* _Exercise aim_: Quote the listing in full, exactly as given, minus any pictures.

* _Information supplied_:
--- START ---
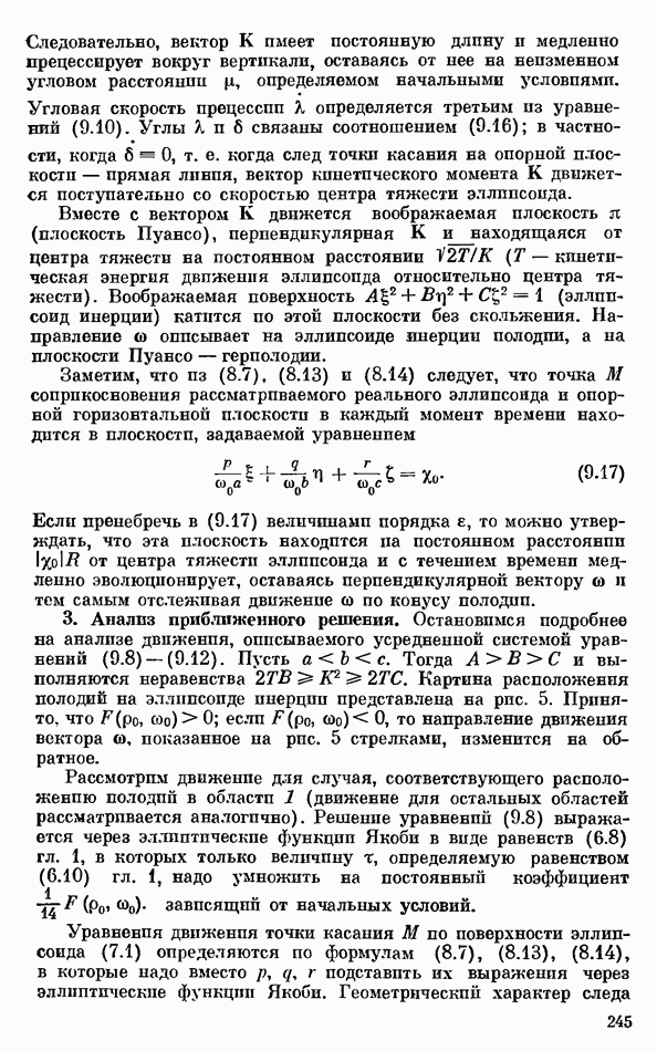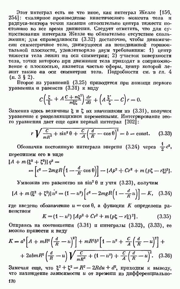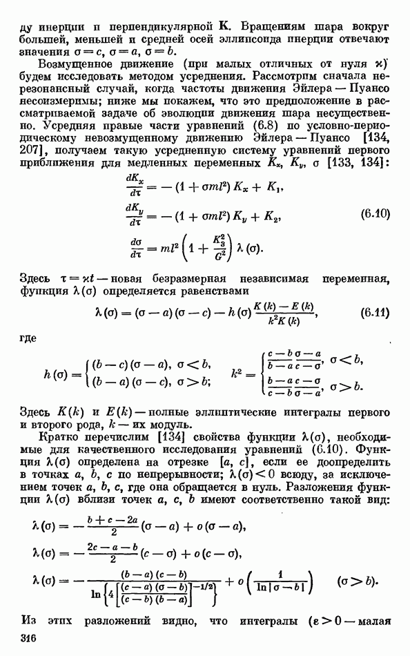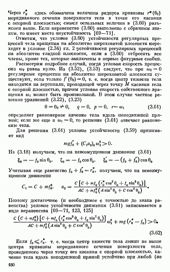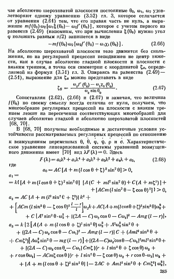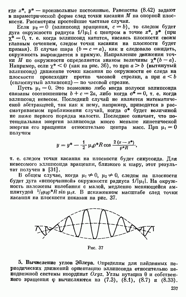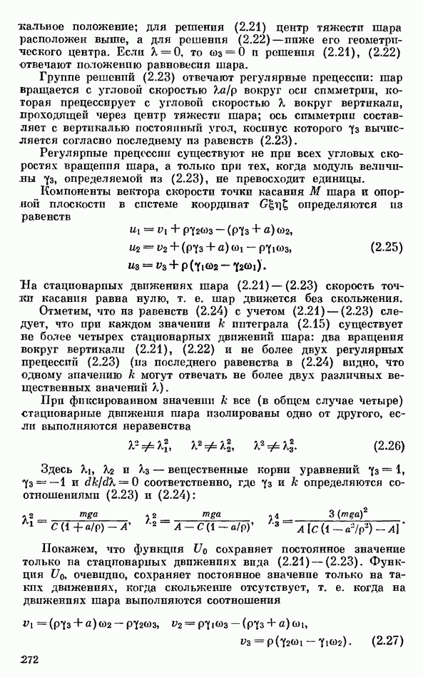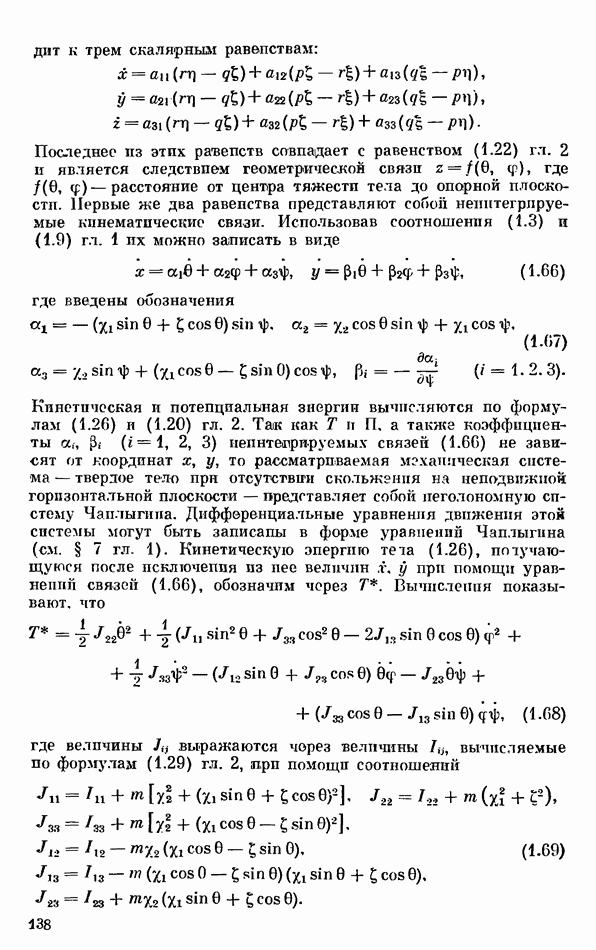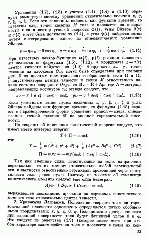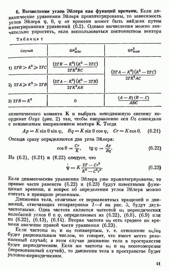 . В линеаризованной спстеме (6.9) первые два уравнения, описывающие изменение со временем углов нутации и собственного вращения, отделяются от третьего уравнения, описывающего вращение тела вокруг вертикали. Замечая, что формально эти два уравнения можно рассматривать как уравнения малых колебаний консервативной системы, сделаем в уравнениях (6.9) замену переменных
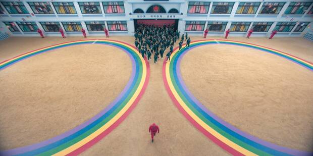 Otro detalle revelado en el avance es uno de los nuevos juegos que los participantes enfrentarán en la segunda temporada. Dos grandes círculos en el suelo, con colores arcoíris, son el centro de una escena cargada de misterio, anticipando otro reto mortal en el que la vida de los concursantes penderá de un hilo. De hehco, en una foto anterior se vio este mismo patio de juegos pero con un miembro de la organización retirando un cadáver de un participante.
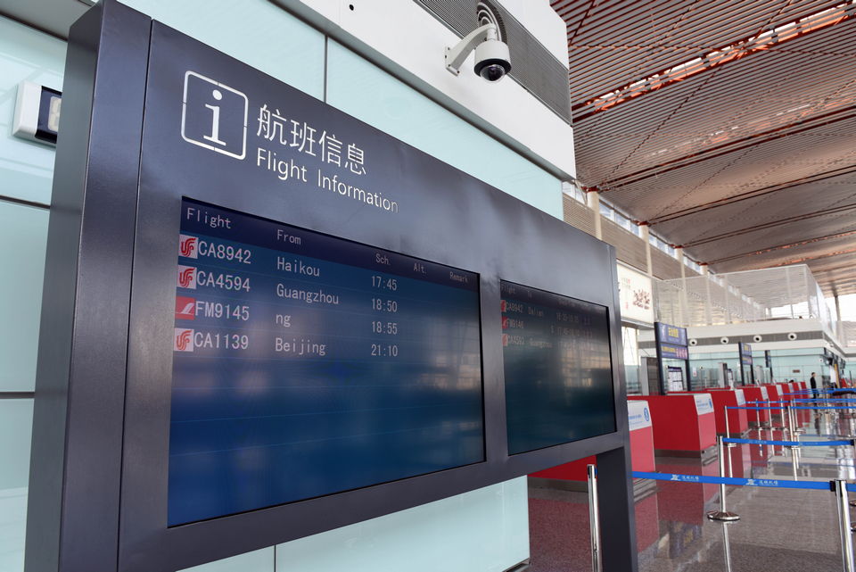 山西运城 关公机场航班信息看板(张哈斯巴根/摄)
--- END ---
* _Answer area_:
 . В линеаризованной спстеме (6.9) первые два уравнения, описывающие изменение со временем углов нутации и собственного вращения, отделяются от третьего уравнения, описывающего вращение тела вокруг вертикали. Замечая, что формально эти два уравнения можно рассматривать как уравнения малых колебаний консервативной системы, сделаем в уравнениях (6.9) замену переменных
 Otro detalle revelado en el avance es uno de los nuevos juegos que los participantes enfrentarán en la segunda temporada. Dos grandes círculos en el suelo, con colores arcoíris, son el centro de una escena cargada de misterio, anticipando otro reto mortal en el que la vida de los concursantes penderá de un hilo. De hehco, en una foto anterior se vio este mismo patio de juegos pero con un miembro de la organización retirando un cadáver de un participante.
 山西运城 关公机场航班信息看板(张哈斯巴根/摄)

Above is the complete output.